Selon lui les prix seront plus abordables dans quelques jours mais il faut tout de même attendre la fin du mois de février pour avoir une meilleure récolte. «La période allant du 15 décembre au 15 février est traditionnellement peu rentable pour le secteur de l’agriculture. A  la fin du mois le rendement devra augmenter d’environ 80% », a-t-il expliqué.
M.Mustapha Achour n’a pas manqué de fulminer sa colère contre certains citoyens qui, par leurs comportements spéculatifs, stimulent la flambée des prix et même la pénurie de certains produits. «Les gens achètent le double de leurs besoins. Ils devraient rompre avec la culture des réserves et apprendre à patienter quelques jours car le marché finira par se stabiliser», a-t-il suggéré.

C’est toujours cher

Certains par contre ne ressentent même pas cette flambée tant ils ont toujours vécu avec.
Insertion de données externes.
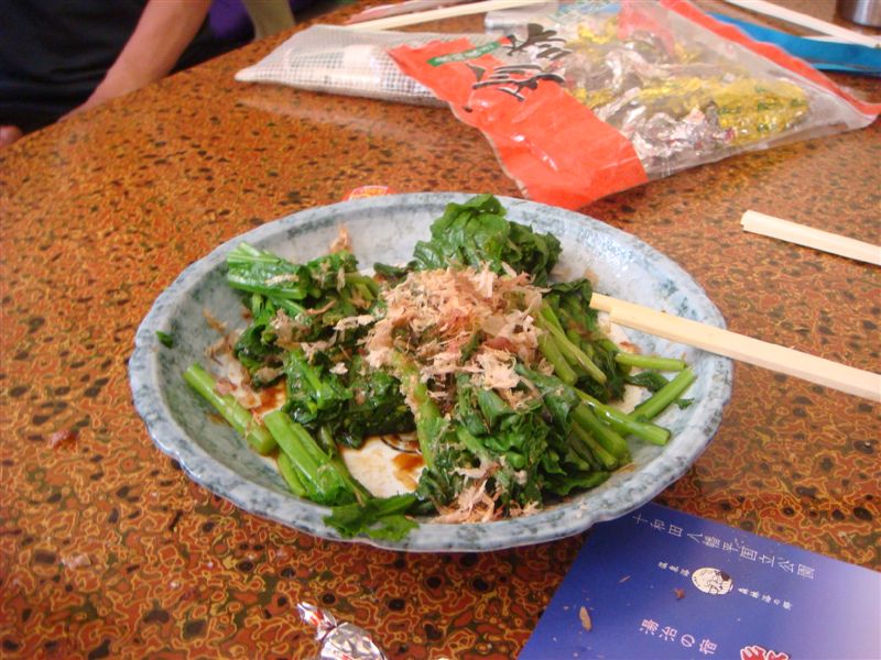 お向かいに宿泊されていた秋田の湯治客の方からは自宅菜園での野菜をおしたしにして頂きました。ありがとうございました。

Leur pouvoir d’achat est continuellement inférieur aux prix pratiqués sur le marché.
 
Rencontré devant un étal où les haricots verts se vendaient 350da/le kilo, une dame d’un âge avancé passa le regard sur les plaques affichant les prix avant de décider de se suffire d’un demi kilo de carottes.

Si cette vielle dame a pu s'acheter quelques provisions, d'autres, aux maigres revenu, rentrent chez eux le panier vide. Mais, les plus démunis, c'est dans les poubelles qu'ils cherchent de quoi de nourrir. 

Toutefois, les prix des légumes et fruits ne sont pas les seuls à avoir augmenté. Des commerçants en quête des moindres occasions de gain ont même procédé à l’augmentation des prix de certains accessoires vestimentaires tels les bonnets, les gans et autres.